So without further ado, here is Part 2 of the Oxfam Report along with commentary as required by way of clarification and/or explanation.

Eighty-five Idiots
Now some questions:
Does it matter who these eighty-five people are? Not really.
Yes, idiots.

In the same time as this rise to glory have come increases in prices which effectively means that their $200 billion each is worth approximately $40 billion of 1970s money. Their own methods have debased their wealth.

COMMENTARY: I am not sure about the correctness of the logic underlying this particular remark. When measuring wealth we require a foundation upon which to base our comparison: this measure is referred to as “constant” dollars and takes inflation into account while the notion of “current” dollars does not make allowances for inflation eating away at the purchasing power of money. Therefore it is difficult to say whether the very rich, that so-called one percent, have in fact debased their wealth. I’m assuming that both the $200 billion referred to in the Oxfam Report and the $40 billion in 1970’s money are classified as being in “constant” dollars because that is the only way this particular conclusion can be viewed as being a correct one. This means that if the cost of living has risen by 400% in the approximately fifty years since the 1970’s – and this is entirely conceivable – then $200 billion present-day “current” dollars would have purchased $40 billion worth of goods and services in the 1970’s. It would have been better if the authors of this Report had clearly stated whether they were discussing “current” or ” constant” dollars. For their statement to be true regarding their opinion on the very rich having functioned to debase their wealth all the dollar figures would have had to have been measured in current dollars without any allowance made for inflation (rising prices over time).

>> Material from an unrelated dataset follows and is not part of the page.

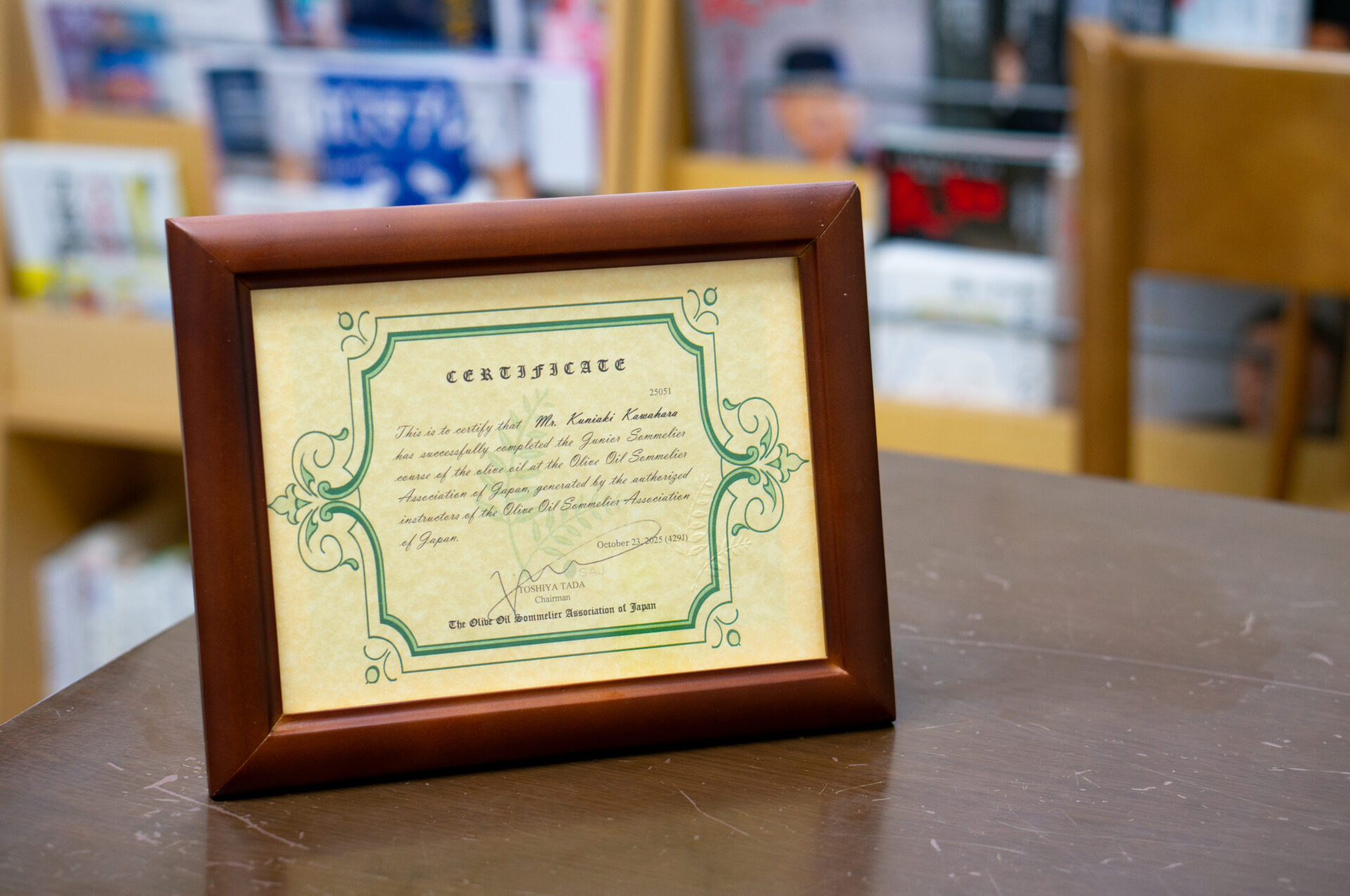 その探究の先で、ジュニアオリーブオイルソムリエの資格を取得しています。

They have simultaneously reduced/denied access to wealth for the rest of the world’s population. That means people have less money to buy their products and services, and make them richer. That’s basic capitalism 101, and they’ve got it wrong.

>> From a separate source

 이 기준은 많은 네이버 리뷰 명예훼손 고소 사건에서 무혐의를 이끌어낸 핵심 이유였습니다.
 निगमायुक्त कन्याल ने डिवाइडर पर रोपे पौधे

They have allowed themselves to be identified. That’s a big and very basic no-no for the very rich. They’re now the easiest targets on Earth for any kind of financial, political, or social attacks. Both they and their assets are extremely vulnerable.

They’re dependent on others. They can hire and fire as much as they want, but ultimately they have to trust people with their money and assets. Bernie Madoff and a host of others have made it clear how safe that is. Greed goes where the money goes. So does crime. It’s a very unsafe situation.

COMMENTARY: Like some other parts of the Report, the authors are guilty of hyperbole and over-simplification in this section. What they say about the very wealthy failing Capitalism 101 is a definite over-simplification as is what is being said regarding “greed going where the money goes as does crime … making for the existence of a very unsafe situation” also over-simplifies things.

These are the Czars of the early 21st century. Distribution of wealth, that very much misinterpreted phrase, was the basis of just about every revolution in history. Distribution of wealth, ironically in its incorrect form, is considered social injustice, with a lot of good reason. It’s visible injustice to others, therefore it’s the basis for attacks.

COMMENTARY: The authors appear to be right on point here: a less equal distribution of wealth does serve as a breeding ground for revolution and other forms of social upheaval.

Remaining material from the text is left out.